Problem: Reproduce only the lines below from the line containing "Green Nature Moss" to the line containing "Select the UI", exactly as written, with both end lines kept. Omit the pictures.

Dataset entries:
----------

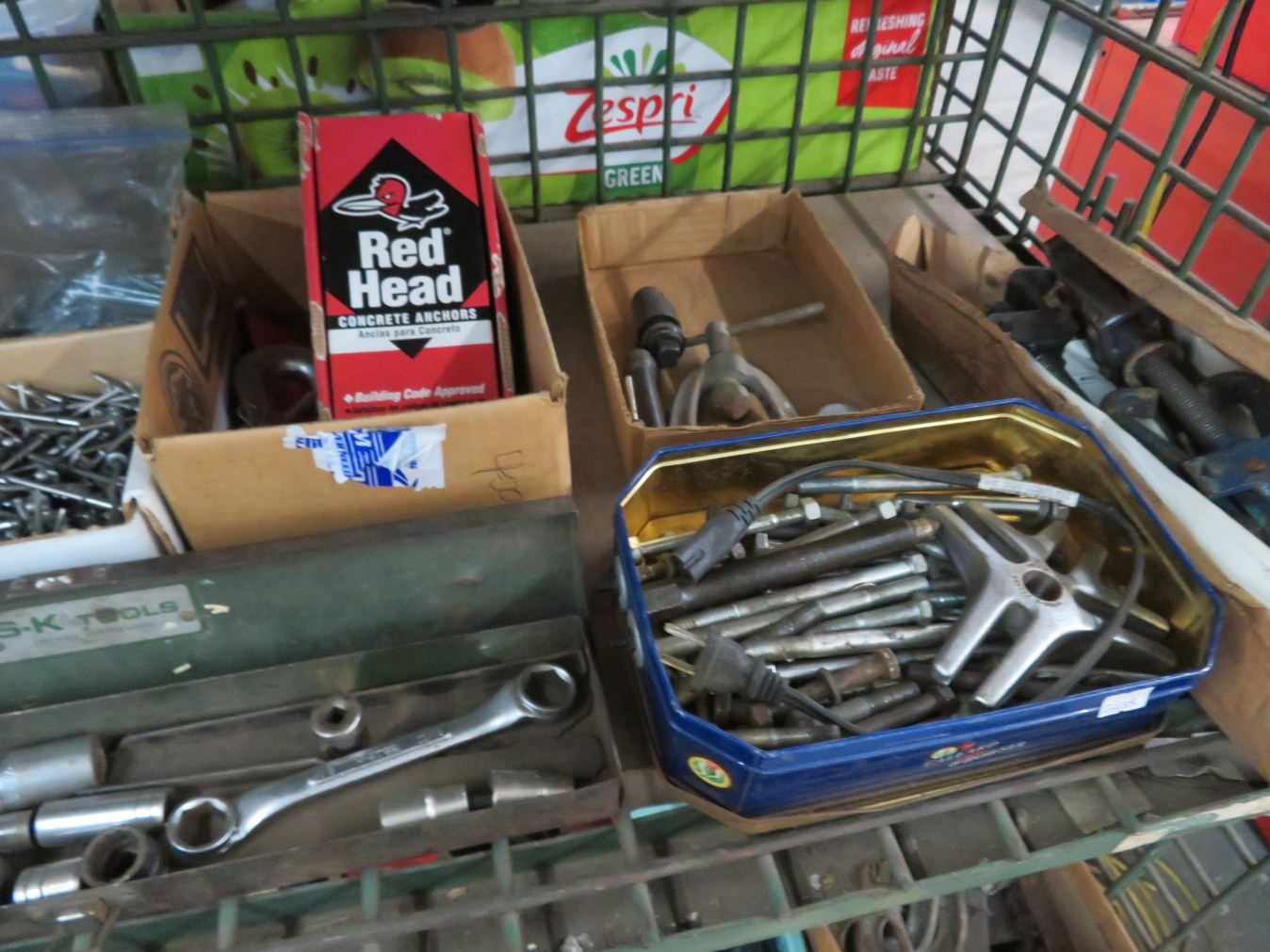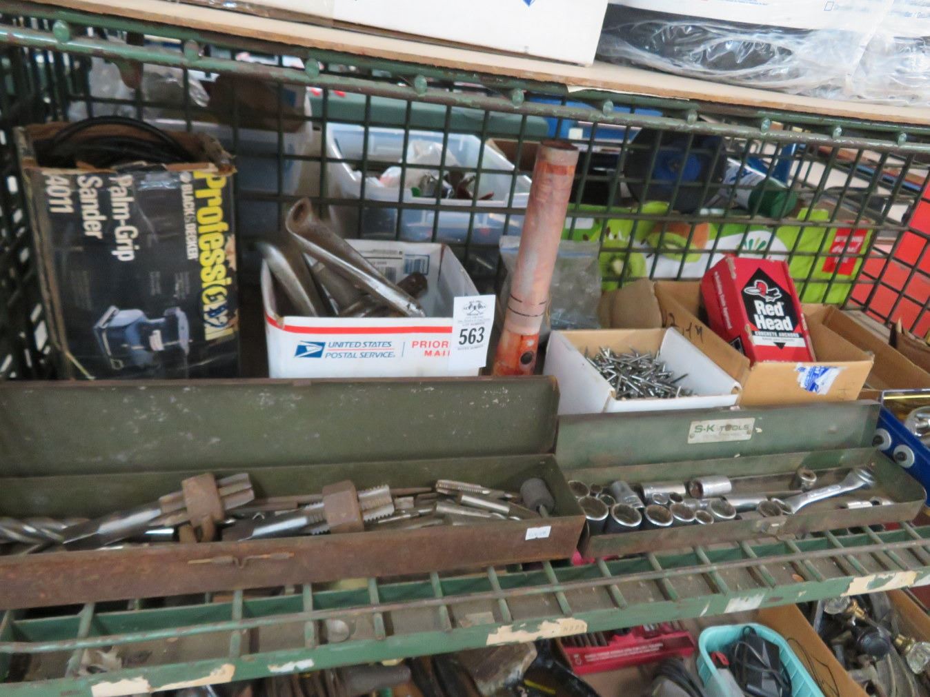 Shelf Lot of Asst. Tools, Hardware, B & D Palm Grip Sander
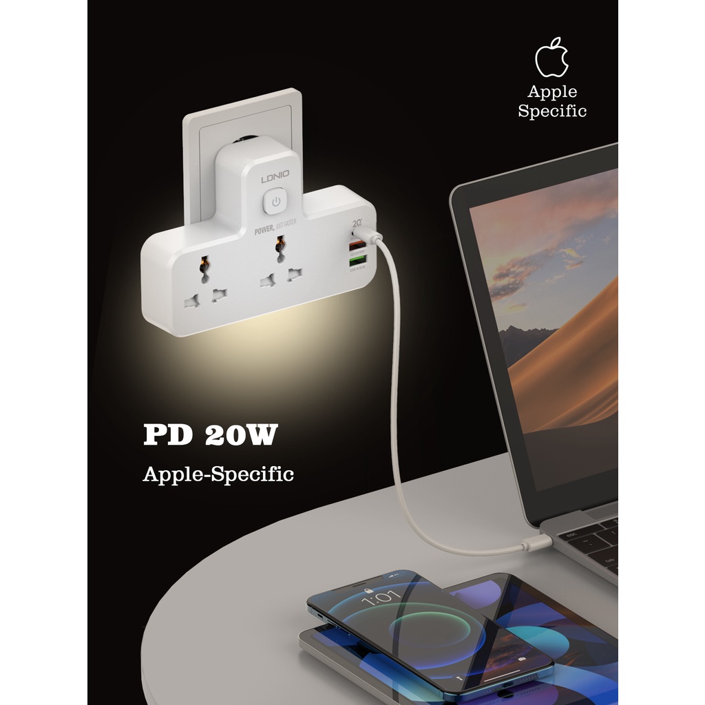LDNIO Stop Kontak Power Socket SC1418 SC2413 SC2311 SE2337 SE2435 Colokan Listrik Fast Charging 2 Socket 3 4 USB Port Night Lamp
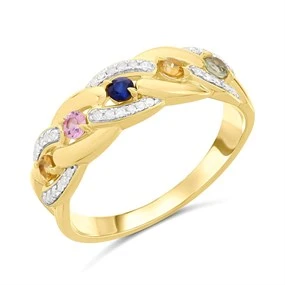 9ct Diamond And Multi Sapphire Chain Link Ring - D8138
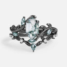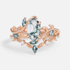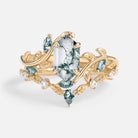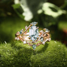 Green Nature Moss Agate Long Hexagon Vine Engagement Ring Set 2pcs - Daphne
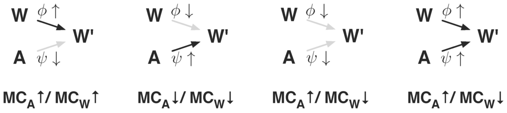 The fourth case is similar to the third case if the world state W is not equivalent to the action A, because in this case the next world state is independent of both. We saw from the third case that this leads to and . If the action A and the world state W are equal, the first measure reduces the amount of morphological computation, whereas the second measure increases the amount of morphological computation, leading to and .
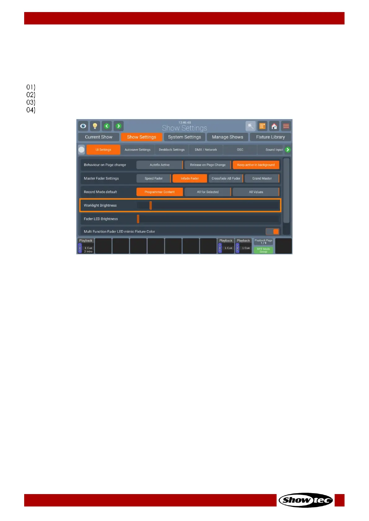 Select the UI Settings page and scroll down to Worklight Brightness.
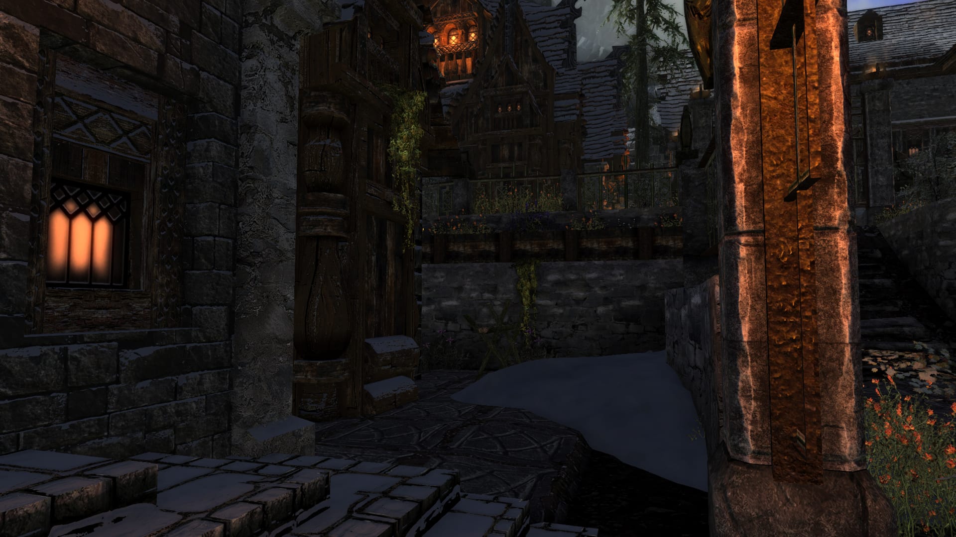 Riften is located in the largest world space so the goal was to keep it simple yet also engaging. The center market was revamped, new NPCs that wander in less busy areas to make the city seem more alive without causing strain.
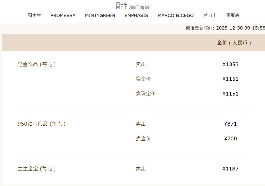 受此影响,部分国内品牌金饰价格也出现大幅下跌。30日,中新经纬查询发现,周生生金饰报1353元/克,单日下跌53元/克;老庙黄金报1359元/克,单日下跌44元/克;老凤祥报1363元/克,单日下跌45元/克。
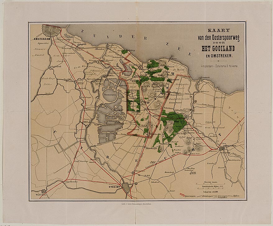 Kaart van den Oosterspoorweg door het Gooiland en omstreken
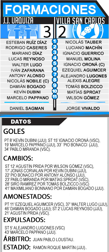 A pesar de tener un hombre menos, el “villero” alcanzó la igualdad a los 15 minutos de ese periodo, después que Ignacio Oroná metiera un cabezazo frontal para dejar sin respuestas al arquero local. El empate se hizo presente. El equipo cambió la imagen de la primera etapa. Sin embargo, llegando a los 20 minutos los locales lograron sobreponerse y llegar a la ventaja tras el tanto de Marcelo Pappano, quien recibió en soledad tras un fallido despeje de Agustín Prida.
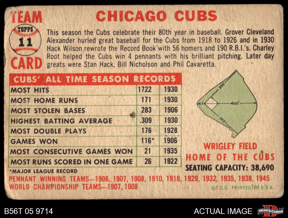 1956 Topps #11 D55 Cubs Team AUTHENTIC
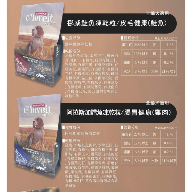 歐力 挪威鮭魚凍乾粒全齡犬(皮毛鮭魚) 2kg 狗飼料 有機糧 凍乾糧 犬糧
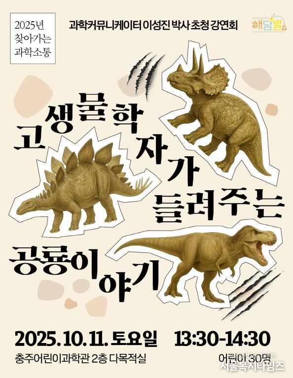 서울복지타임즈 이재연 기자 | 충주어린이과학관은 오는 10월 11일, 과학커뮤니케이터로 활동 중인 고생물학자 이성진 박사를 초청해 초등 저학년 어린이를 위한 특별 강연 ‘고생물학자가 들려주는 공룡 이야기’를 개최한다고 밝혔다.
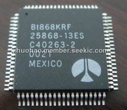 BT868KRF features: (1)5-line vertical filtering scaling for overscan compensation and flicker filtering; (2)CCIR601 compatible input mode; (3)Luma and chroma comb filtering; (4)3 × 10-bit DACs; (5)6 MHz Luma bandwidth; (6)Macrovision 7.0 copy protection; (7)80-pin PQFP package; (8)3.3 V operation with 5 V tolerant IOs; (9)2-line serial programming interface; (10)Power-Down modes; (11)Master/slave video timing operation; (12)TV connected register flag; (13)Automatic configuration.
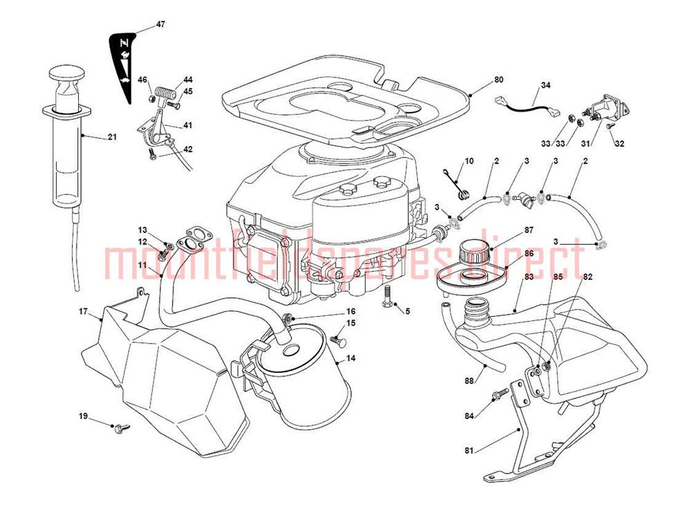 ENGINE (GGP) FUEL TANK THROTTLE CABLE MUFFLER assembly details for Mountfield Series 7250 OHV-414cc 2013 model

----------

Response to this task:
 Green Nature Moss Agate Long Hexagon Vine Engagement Ring Set 2pcs - Daphne
 The fourth case is similar to the third case if the world state W is not equivalent to the action A, because in this case the next world state is independent of both. We saw from the third case that this leads to and . If the action A and the world state W are equal, the first measure reduces the amount of morphological computation, whereas the second measure increases the amount of morphological computation, leading to and .
 Select the UI Settings page and scroll down to Worklight Brightness.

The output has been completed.